[sip-comm-dev] GSoc 09 : Dtmf without Transformer but with BufferTransferHandler

Emil Ivov emcho at sip-communicator.org
Fri Jul 24 19:56:03 CEST 2009

Hey all,

We looked into this some more today and decided to change design once
more (hopefully for the last time).

First of all it appears that it's rather tricky to control the RTP
timestamp for event/dtmf packets when they are generated
PushBufferStream that also handles audio. JMF seems to be calculating it
(the timestamp) by itself, based on format properties such as the sample
rate for example (thanks to Lubomir for clarifying this). This basically
means that obtaining correct timestamps would take a considerable amount
of tweaking (unless of course we are missing something).

The reason we first decided to try PushBufferStreams, shared between
audio and dtmf, was the fact that they allow us to inject the DTMF
events in between audio packets and let JMF handle the RTP seqnum-s for

The situation would be a lot simpler if, throughout the duration of a
DTMF event, we simply replaced all audio packets with DTMF ones. This
would be equivalent to replacing your voice with a tone.

The implementation of this behaviour could be made by only intervening
on the Connector/Transformer level in a pretty straightforward way at that:

We are going to allow TranformOutputStream-s to use an _ordered_ list of
 Transformer-s. This way we'd be able to register our DTMF/event
transformer before the ZRTP one in cases where both are enabled. As soon
as we receive an indication that the user has pressed a tone-generating
key we are going to place the DTMF transformer in an active mode and it
is going to start overwriting the timestamps and the payloads of all
outgoing audio packets (without touching the seqnums).
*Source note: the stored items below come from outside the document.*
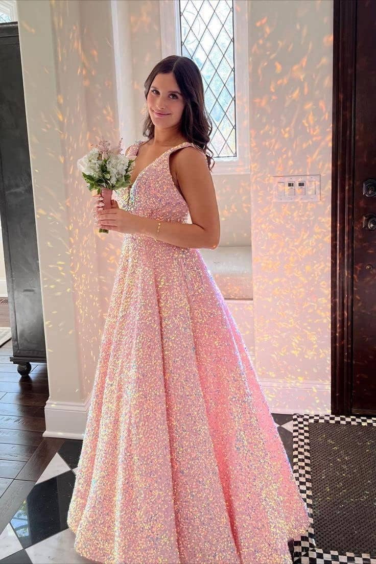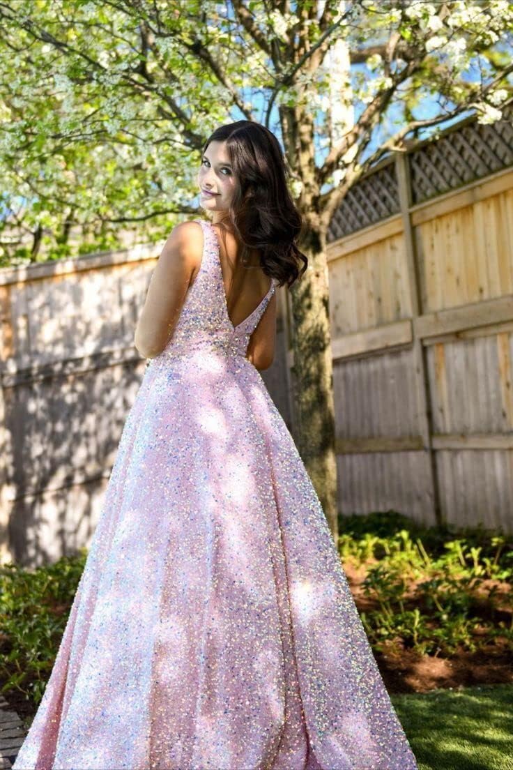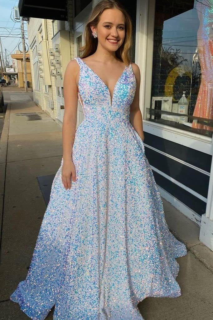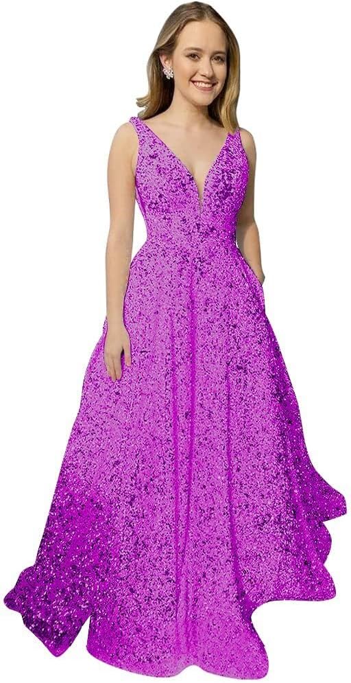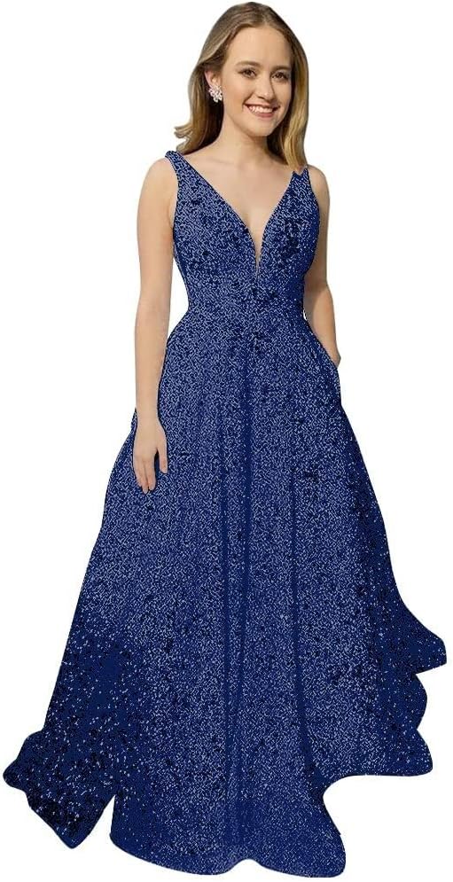Sequin Prom Dresses Long Ball Gown for Teens V Neck A-Line with Pockets Glitter Formal Evening Gowns TBO5
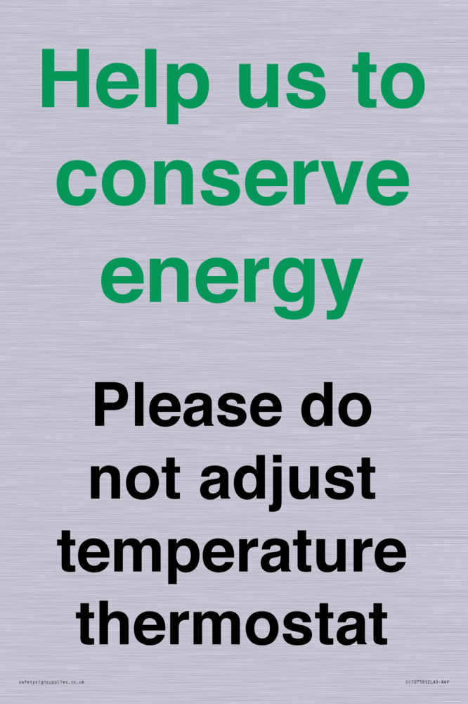 Help us to conserve energy - Please do not adjust temperature thermostat Sign
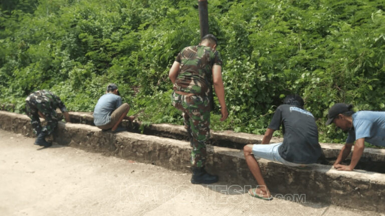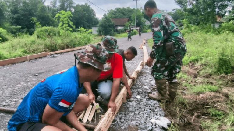 Satgas TMMD Kodim 0510/Tigaraksa memasang bagesting dalam proyek pengerasan jalan desa di Kampung Namprak.
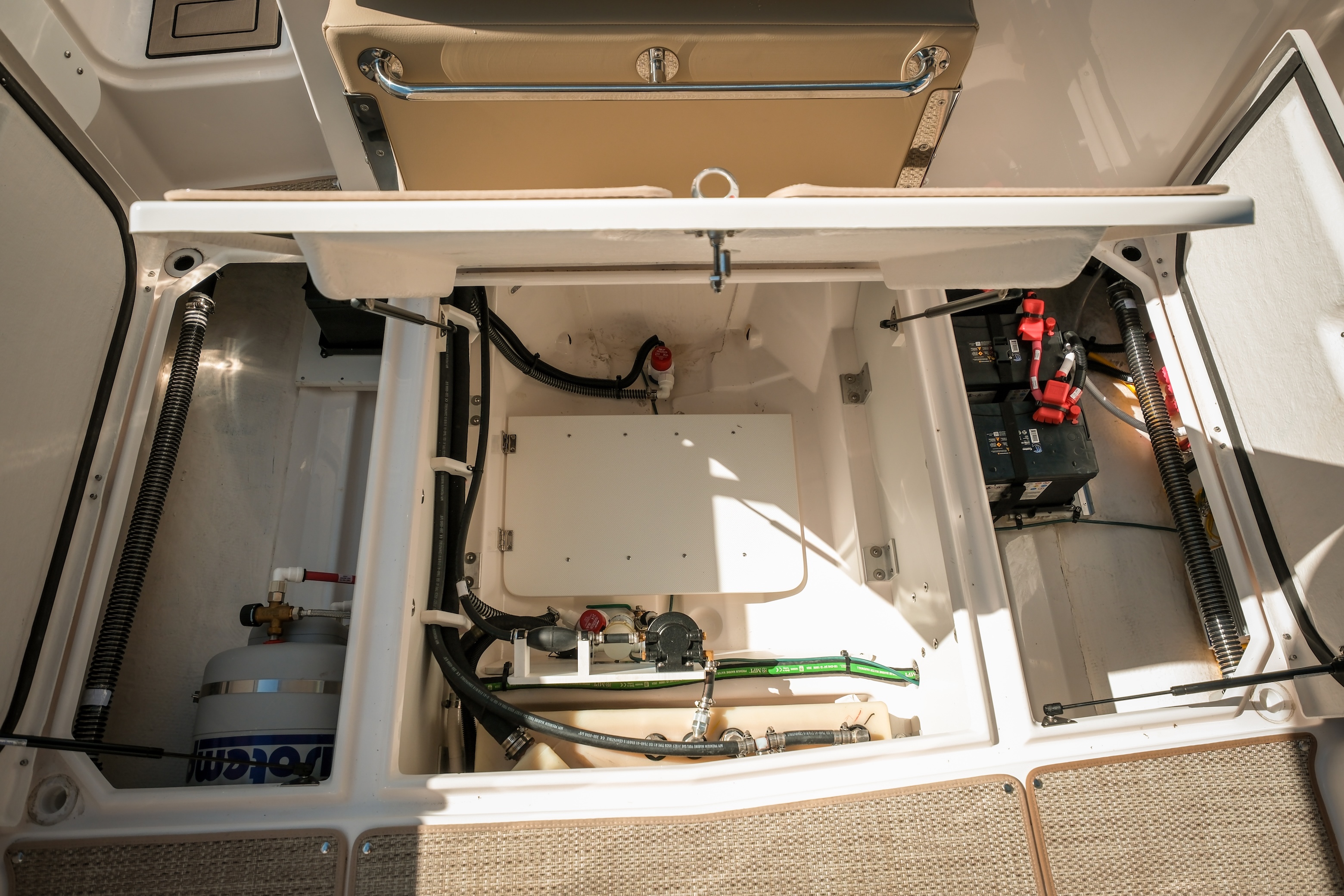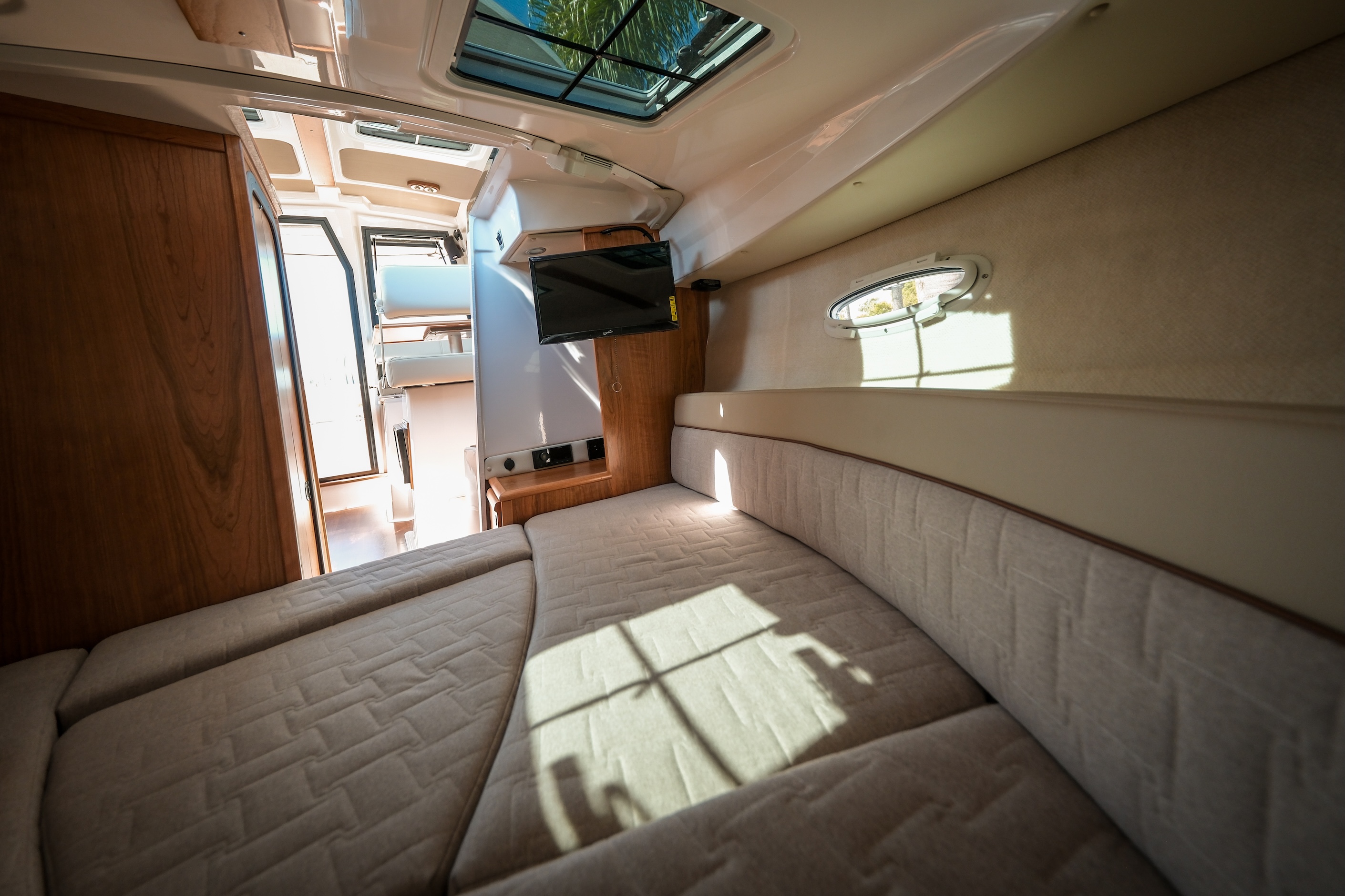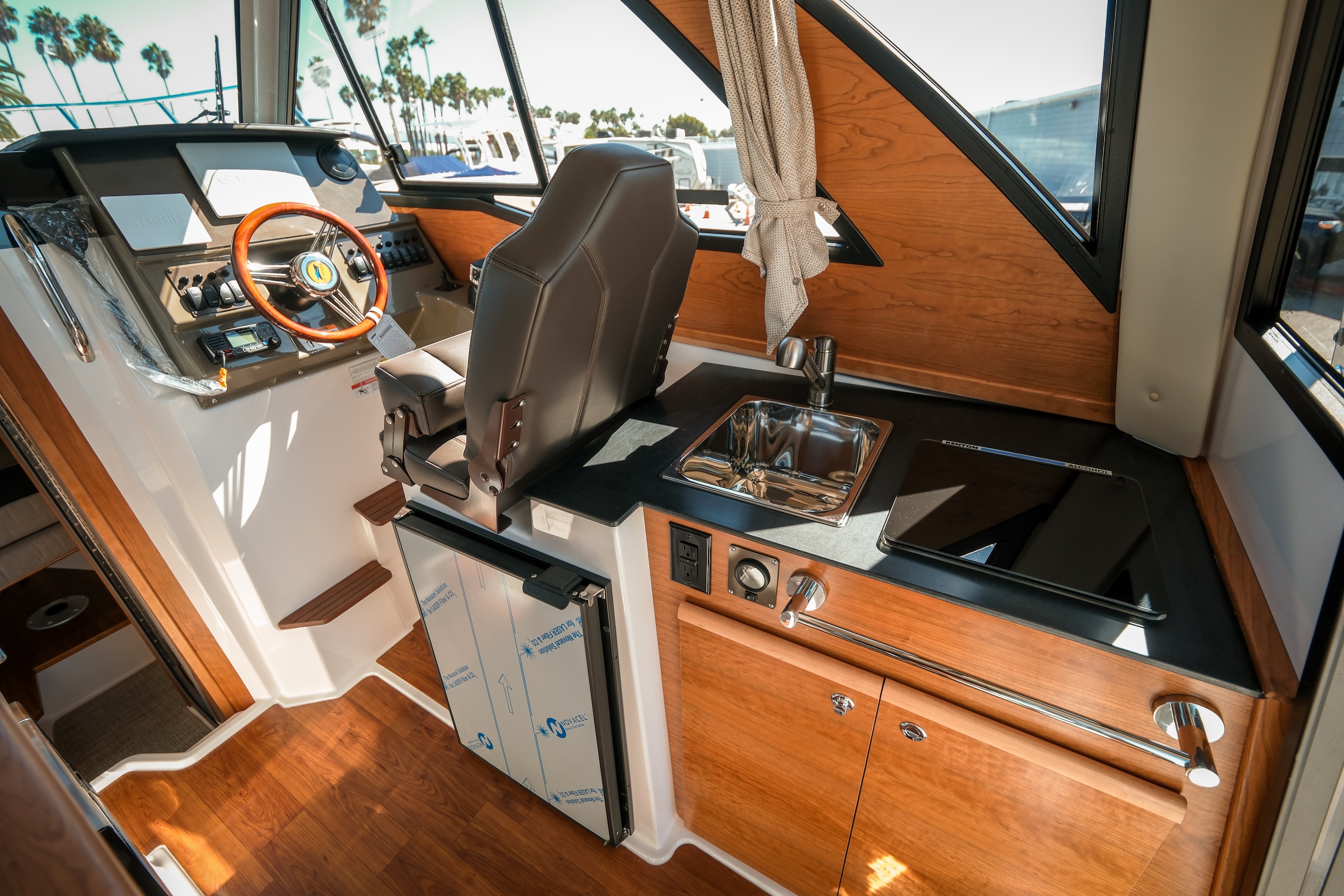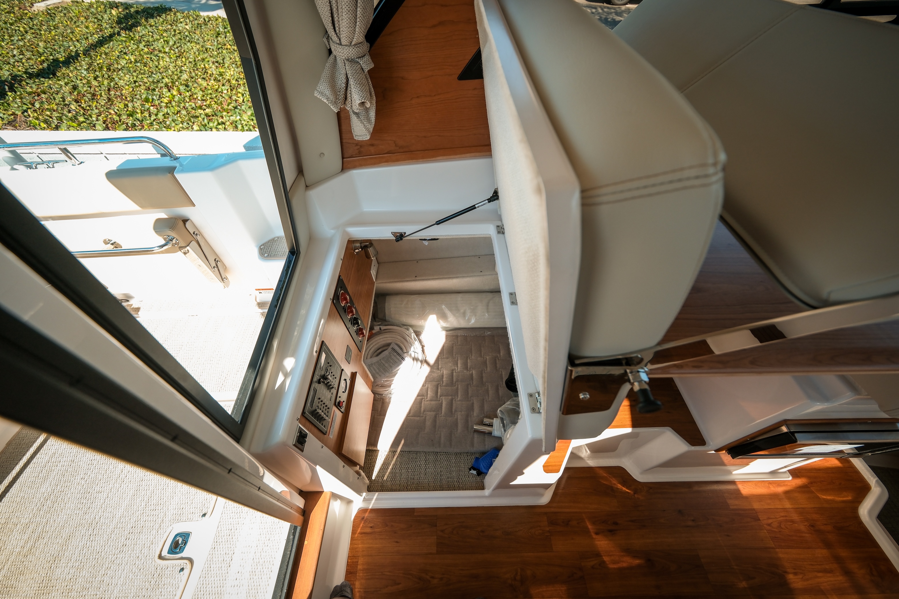 Open-Aft Bulkhead with Flip Seating – Converts dinette to cockpit lounge
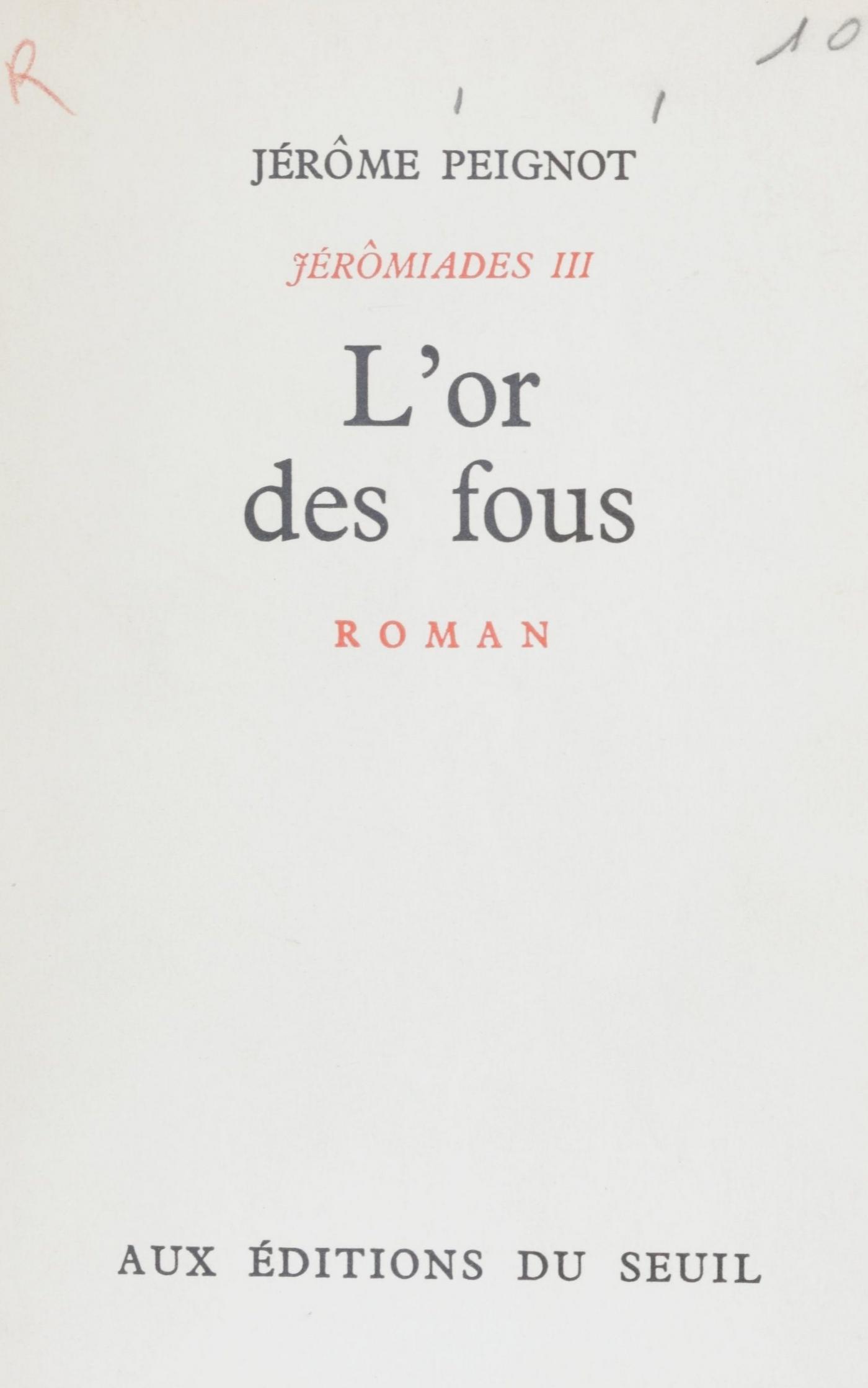 Tous les courriers du cœur, selon Jérôme Peignot, signifient : “Je ne l’aime pas. Elle (ou il) ne m’aime pas. Que faire ?” En publiant ses “Jérômiades III”, il choisit honnêtement, cruellement, de nous donner ce qui pourra paraître comme le contraire d’un “roman d’amour”. Pourquoi “L’or des fous” ? Parce que cette pyrite de fer, qui brille au soleil, fascinait les Incas. Ils la prenaient pour de l’or. Ils inventaient l’or. De même, l’amant qui regarde les larmes couler, ce malade, devient son propre médecin. Il lui semble qu’il va inventer l’ordonnance idéale : celle d’un bonheur lucide.
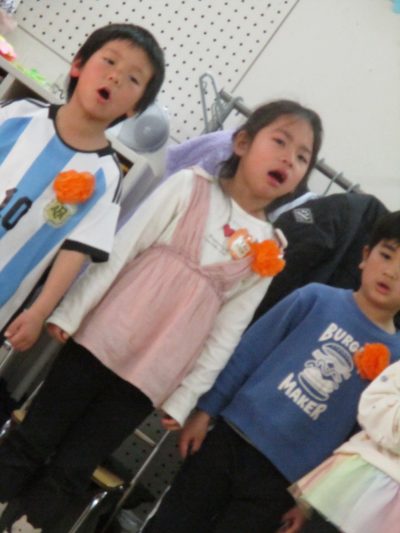 ここで、先生たちからもサプライズの歌「1年生、おめでとう」のプレゼントがありました。
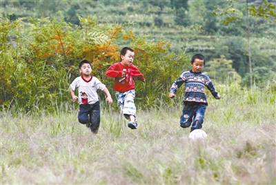 9月23日,红星村小学的孩子们在踢足球。该校是重庆山区一所只有12名一年级学生,1名教师的微小学。今年4月,爱心团体为该校捐赠了足球、球门及球场围栏,将天然草坪“变身”为足球场。有了足球场之后,孩子们经常踢球跑动,欢快的笑声洋溢在大山之中。
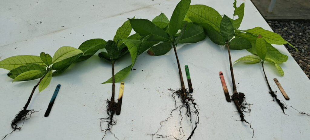 En el caso de las plántulas de café y cacao, el proceso de fortificación incluye la inoculación con micorrizas nativas, Trichoderma spp. y la aplicación de ácidos húmicos y fúlvicos; mientras que para las plántulas de plátano Hartón AAB se incorporan consorcios microbianos.

After receiving
an indication that the DTMF generating event has ended (i.e. user
stopped pressing the key), the DTMF transformer is going to overwrite
its three final packets as per RFC 4733 and move out of active mode. In
other words - dead simple.

The one clear inconvenience of this approach (as compared to the one
where we inject DTMF in between audio packets) is that we will be losing
all audio generated and sent while the DTMF key is pressed. I believe
this could be considered acceptable in for a comm client like SC.

We couldn't find any text in 4733, specifying a preference for one of
the approaches, nor anything that would deem one of them as
inappropriate. Besides, a few quick tests with Twinkle, Ekiga, and
X-Lite, showed this was also their default behaviour.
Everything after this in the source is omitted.